Refactor the `send_raw` and `recv_raw` completly. We now expost `Message` which has a public `serialize` and `deseialize` fn for the first time.
This makes using the `raw` methods of a stream much easier and is a requierement for using "copy_less" sending to multiple streams
- Compression is no longer enabled always but can now be enabled per Stream.
If a Stream is Compression enabled it will compress and decompress all msg (except for `raw` access) before handling them internally.
You need to handle compression yourself for `raw` fn.
- added a new feature to the network crate to enable or disable the compression
- switched to `lz-fear` instead of `lz4-compression`
- use `bitflags` to represent the `Promises` struct
- When Participant A was closed by remote side. Then a `disconnect` on `A`
shall return Ok() (instead of ParticipantDisconected) IF:
A was already flushed and no data needs to be sended any more.
so a `disconnect` doesnt differ if the other side initiated the disconnect before or not. it tries to clean things up and returns Ok(()) if both sides agree
- It was possible for a end_receiver to be triggered in the moment while a frame was started by not finished.
This removed bytes from the stream with them getting lost. this almost ever was followed by a RAW frame as the TCP stream was now invalid.
The TCP stream was then detected by participant or caused one or multiple failures
- introduces some simplifications, removed a macro, reuse code
Till now, we just dropped the TCP connection and registered this as a clean shutdown.
The prodocol reader intereted this and send a Frame::Shutdown frame to it's local processor.
This is ofc wrong.
So now the protocol reader will detect a Frame::Shutdown frame and send it over. if the Tcp connection gets closed it will return an Error up.
The processor will then pick up this error and request a unclear shutdown and notifies the user.
Also when doing a clean shutdown we are sending a Frame::Shutdown now to the remote side to trigger this behavior.
Before we wrongly added the feature of only using a `select` in channel.
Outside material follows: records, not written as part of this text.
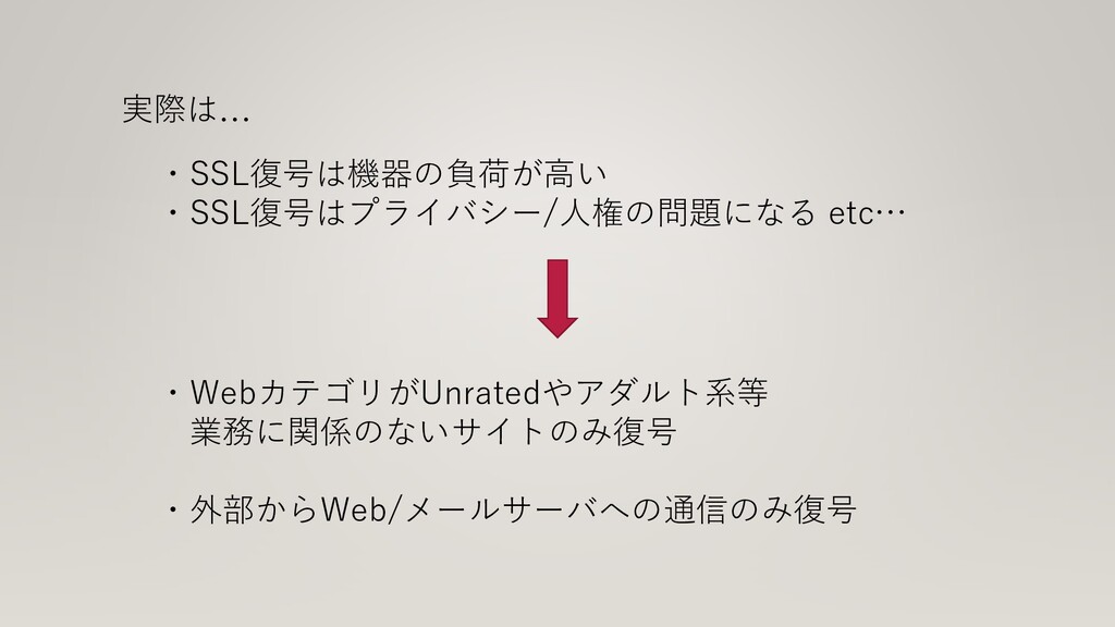 実際は… ・SSL復号は機器の負荷が高い ・SSL復号はプライバシー/人権の問題になる etc… ・WebカテゴリがUnratedやアダルト系等 業務に関係のないサイトのみ復号 ・外部からWeb/メールサーバへの通信のみ復号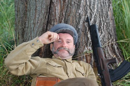Soldier of the USSR in a greatcoat in the field. Gomel, Belarus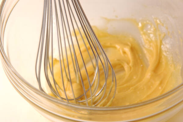 <レンジクリーム>を作る。耐熱ボウルに卵黄、和三盆を加え、泡立て器で白っぽくふんわりとなるまでよく混ぜ合わせる。牛乳180ml、コーンスターチを加えて更にしっかり混ぜ合わせる。ラップを掛けずに電子レンジで4分30秒~5分加熱し、しっかり混ぜ合わせて全体になめらかにする。クリームが熱い間にバターを加えて混ぜる。バットに移して平らにし、表面にぴったりとラップを貼りつける。粗熱が取れたら冷蔵庫で冷やす。よく練り混ぜ、半量に抹茶粉を混ぜ合わせる。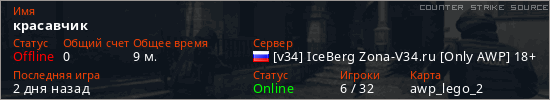 Играет на Counter Strike Source сервере. Страна: РоссияПервый раз замечен 10:01 23.02.2026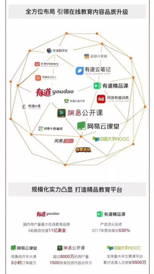从网易公开课、网易云课堂再到中国大学MOOC、有道精品课等,网易在国内在线教育领域打造了多款普及型产品。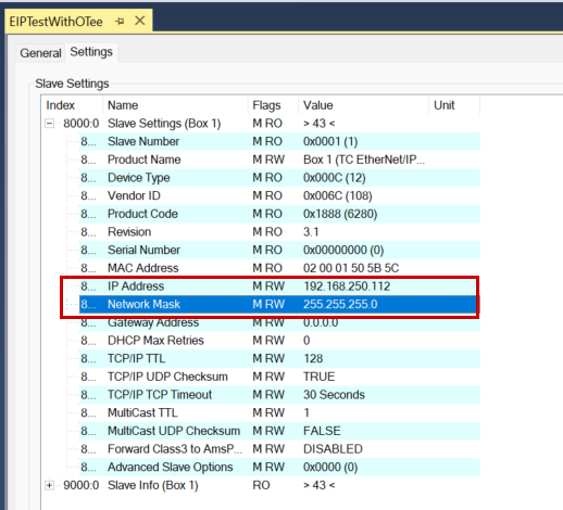 こちらは今回Beckhoff TwinCAT3のEthernet/IP Adapterと接続するために設定したパラメータで、これから一つずつ説明していきます。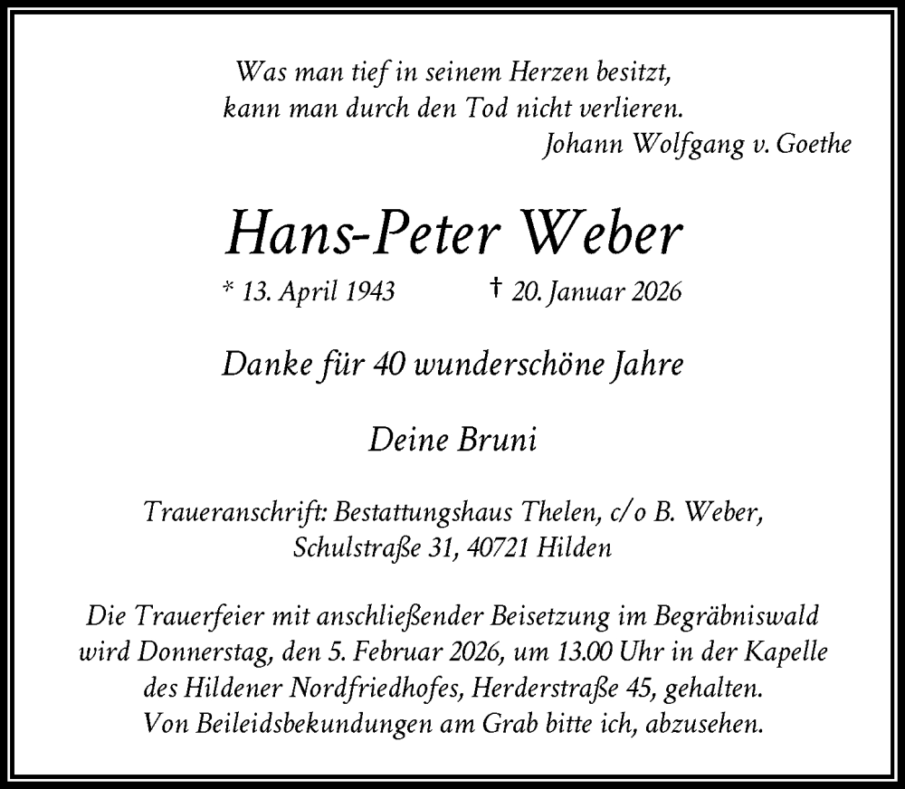 Hier finden Sie alle Traueranzeigen aus der Zeitung, die bisher für Hans-Peter Weber erschienen sind. Weitere Traueranzeigen, die in der Zeitung erscheinen, werden hier ebenfalls aufgelistet

This is WRONG,
as it could mean that the write maybe fails, but the read still had some Frames buffered which then get dropped.
Its fixed now by the clean shutdown mechanims defined before.
Also when a channel is closed now inside a participant we are closing the whole participant as a protection.
However, we must not close the recv channel as the `handle_frames_mgr` might still be working on them, so we only stop writing/sending.
Debugging this also let me introduce some smaller fixes:
- PID in tests are now 0 and 1+1*64+1*64*64+... this makes the traces appear as AAAAAA and BBBBBB instead of ABAAAA and ACAAAA
- veloren client now better seperates between clean shutdown and unclear shutdown.
- added a new type: C2pFrame for `(cid, Result<Frame, ()>)`
- wrong frames inside the handshare are not counted in metrics
-
Participant will now handle a close in the `create_channel_mgr` rather then the `send` fn. Its the better place, which makes a HashMap better for delete lookup
Since tcp_read now broke but tcp_write didn't and the Participant wasnt updated till both were broke, we changed CHANNEL tcp_read and tcp_write in protocols to be a `select` rather than a `join`
However only do this in the CHANNEL, but in the HANDSHAKE. it fails if you try to. Also the handshake will take care of any failed read or write manually and will handle a clear teardown in this case.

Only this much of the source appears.